A Rule is any set of instructions which given the Levels of one or more parent Variables specifies a result in terms of the Levels of a child Variable. It is an algorithm which humans, and/or possibly machines, can follow in order to calculate some outcome on a child Variable in terms of the Level(s) of one or more parent Variables. We use Rules inside our Theories about Mechanisms to make more or less precise predictions about how things will turn out. Within Theories, Rules encode our more or less limited (“causal”) knowledge of how the world works.

Student satisfaction with school 

 Student feels they live up to expectations

 Student feels fulfilled

 Student feels supported and liked

The two red symbols on the predicted Variables show that we have some kind of Rule or principle, however vague, which tells us how the expected Level of the child Variable depends, at least to some extent, on the Level of the parent Variable(s). In particular, the rising red arrows (which are the default for simple Theories) show that we believe that in each case the influence of the parent Variable(s) are in some sense positive, i.e. the child Variable increases as the parent Variable(s) increase.

The upward-sloping black triangle shows that each Variable in this Theory is ordered - see xx.

We will look at the red half-circle symbol later.

We can think of the black symbol and the red arrow symbol as representing two different aspects of the same Variable: the “data Variable” represented by the black symbol and the “Rule Variable” represented by the red symbol.
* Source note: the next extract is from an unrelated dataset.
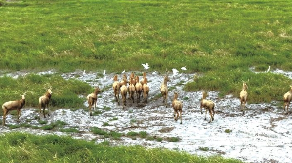昨天在如東小洋口風(fēng)景區(qū)拍到的野生麋鹿群。2023年2月,如東地區(qū)首次出現(xiàn)成群的野生麋鹿。2年多后,麋鹿群的數(shù)量已從最初的30余頭增長(zhǎng)至目前的上百頭。 錢咸華攝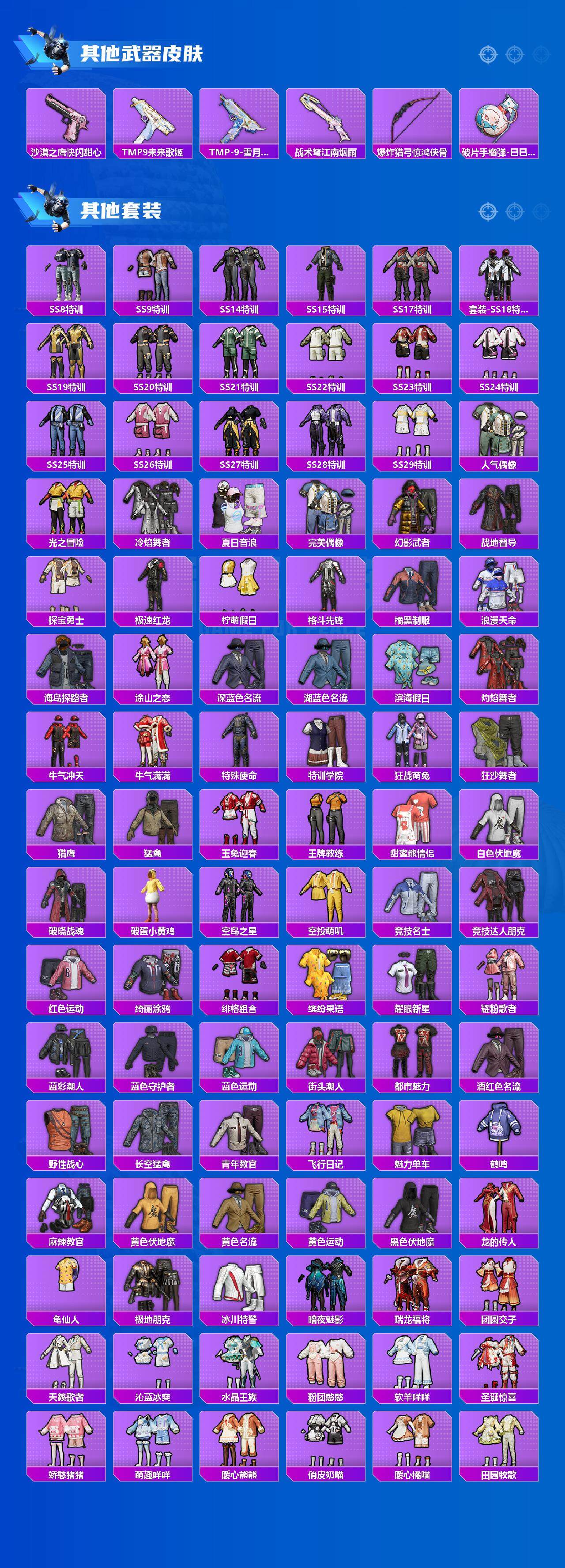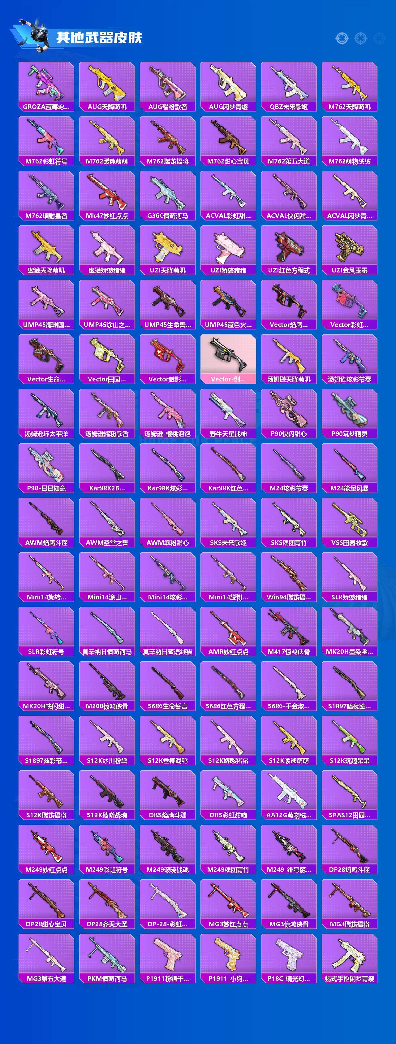 【稀有枪皮】:AKM-冰凉西瓜,AKM-彩虹符号,AKM-破晓战魂,AKM-龙的传人,AKM-玄冥寒域,M16A4-天使羽翼,M16A4-红色方程式,M16A4-莲影清波,M16A4-蓝色火焰,SCAR-L-暗夜玫瑰,SCAR-L-玉兔迎春,SCAR-L-粉锦千层,SCAR-L-红色方程式,M416-糯团青竹,M416-红色方程式,M416-蓝色火焰,GROZA-懵萌河马,GROZA-田园牧歌,GROZA-蓝莓炮弹,AUG-天降萌叽,AUG-耀粉歌者,AUG-闲梦青缨,QBZ-未来歌姬,M762-天降萌叽,M762-彩虹符号,M762-暖熊萌萌,M762-瑞龙福将,M762-甜心宝贝,M762-第五大道,M762-萌物绒绒,M762-镭射皇者,Mk47-妙红点点,G36C-懵萌河马,AC-VAL-彩虹甜喵,AC-VAL-快闪甜心,AC-VAL-闲梦青缨,蜜獾-天降萌叽,蜜獾-娇憨猪猪,UZI-天降萌叽,UZI-娇憨猪猪,UZI-红色方程式,UZI-金风玉露

In a specific instance, the Rule will most often predict a Level which is more or less different from the Level recorded for the actual “data Variable”. So the two are in a kind of tension.

Specifying a Rule

In this example, two no/yes parent Variables completely control one no/yes child Variable. (In practice, other Variables will be involved … and we would have to say something about the timing of these Variables too, see xx)

Paper catches fire ((no,yes)) !Rule: see table below

 Presence of enough oxygen ((no,yes))

 Match is struck ((no,yes))

So in this case it is easy to specify the Rule completely.

Fire? match struck =no match struck = yes
enough oxygen = no no no
enough oxygen = yes no yes

In this case, given fixed mass, the acceleration of the car depends completely and linearly on the force applied. Double the force, double the acceleration.

Acceleration of car !Rule: directly proportional

 Force applied to car

What does it mean to say one Variable influences another?

If A influences C, we can and should draw an arrow from A to C in our diagram. What does this mean? It just means that some Rule or other connects them.

In the simplistic first sections of this book, we will usually assume that it means changing between any of the Levels of A will always affect C.

More generally, we mean there are at least two Levels of A for which the Level of C is different: C is not always indifferent to the Level of A. So if I have reasonable soundproofing, I maybe don’t notice the children playing downstairs. But there is certainly a Level at which I do notice them, i.e. my level of irritation responds to the level of their noise.

The arrow means there is some kind of Rule, however incomplete, to say how the Level of the Consequence is influenced by one or more the Influences.

We already saw that a simple Theory may include the specification of a Rule, written as part of the Variable and preceded by !Rule.

A Rule is any set of instructions which given the Levels of one or more parent Variables specifies a result in terms of the Levels of a consequence Variable.

Often we have only a vague idea of how A influences B and nevertheless this influence might be critical to us.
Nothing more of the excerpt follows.